Visualising Independent Samples

How’s that done?

ggplot(OregonSalaries) + aes(x=Gender, y=Salary) + geom_boxplot() + theme_xaringan()

Visualising Independent Samples

How’s that done?

ggplot(OregonSalaries) + aes(x=Gender, y=Salary, fill=Gender) + geom_violin() + theme_xaringan()

About Those Squares: Deviations

The mean of all salaries is 41142.433. Represented in equation form, we have:

\[Salary_{i} = \alpha + \epsilon_{i}\]

The \(i^{th}\) person’s salary is some average salary \(\alpha\) [or perhaps \(\mu\) to maintain conceptual continuity] (shown as a solid blue line) plus some idiosyncratic remainder or residual salary for individual \(i\) denoted by \(\epsilon_{i}\) (shown as a blue arrow). Everything here is measured in dollars.

\[Salary_{i} = 41142.433 + \epsilon_{i}\]

# A tibble: 16 × 2
   Female[,1] Male[,1]
        <dbl>    <dbl>
 1       372.    6200.
 2      -178.    5240.
 3     -1972.    4670.
 4     -3206.    5267.
 5     -7161.    2654.
 6     -5065.    1982.
 7     -1968.    8301.
 8     -2105.    3663.
 9    -12011.    3298.
10     -4942.    5537.
11     -2581.    6195.
12     -7895.    6156.
13     -7533.     319.
14     -7473.    2456.
15     -3337.    2289.
16     -5296.    8124.

. . .

By definition, those vertical distances would/will sum to zero. This sum to zero constraint is what consumes a degree of freedom; it is why the standard deviation has N-1 degrees of freedom. The distance from the point to the line is also shown in blue; that is the observed residual salary. It shows how far that individual’s salary is from the overall average.

Square Them

A Big Black Box

# A tibble: 16 × 2
   Female[,1]  Male[,1]
        <dbl>     <dbl>
 1    138350. 38442803.
 2     31813. 27457097.
 3   3889736. 21813358.
 4  10277545. 27743644.
 5  51274988.  7041698.
 6  25655866.  3926692.
 7   3874503. 68912991.
 8   4431282. 13420200.
 9 144256540. 10876058.
10  24423237. 30660131.
11   6661738. 38373872.
12  62323288. 37899934.
13  56745270.   101515.
14  55848872.  6031248.
15  11132919.  5238385.
16  28050778. 65999032.

  sum(Salary.Deviation.Squared)
1                     892955384

The Black Box of Salaries

The total area of the black box in the original metric (squared dollars) is: 892955385. The length of each side is the square root of that area, e.g. 29882.36 in dollars.

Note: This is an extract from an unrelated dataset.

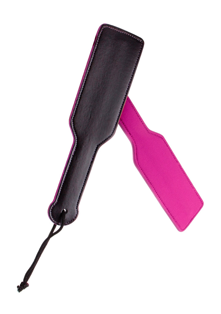 This Paddle is designed with a PU leather and a neoprene side, this allows you to choose the material you will feel on your skin by simply turning the paddle around. The Neoprene side is colored and the PU leather side is black for a rougher look! It features an wristband on the end of the paddle for your wrist to ensure it will stay in your hand during use and the combination of materials makes it perfect for beginners and the more professional bondage players!

This square, when averaged by degrees of freedom and called mean square, has a known distribution, \(\chi^2\) if we assume that the deviations, call them errors, are normal.

The \(\chi^2\) distribution

The \(\chi^2\) [chi-squared] distribution can be derived as the sum of \(k\) squared \(Z\) or standard normal variables. Because they are squares, they are always positive. The \(k\) is called degrees of freedom. Differences in \(\chi^2\) also have a \(\chi^2\) distribution with degrees of freedom equal to the difference in degrees of freedom.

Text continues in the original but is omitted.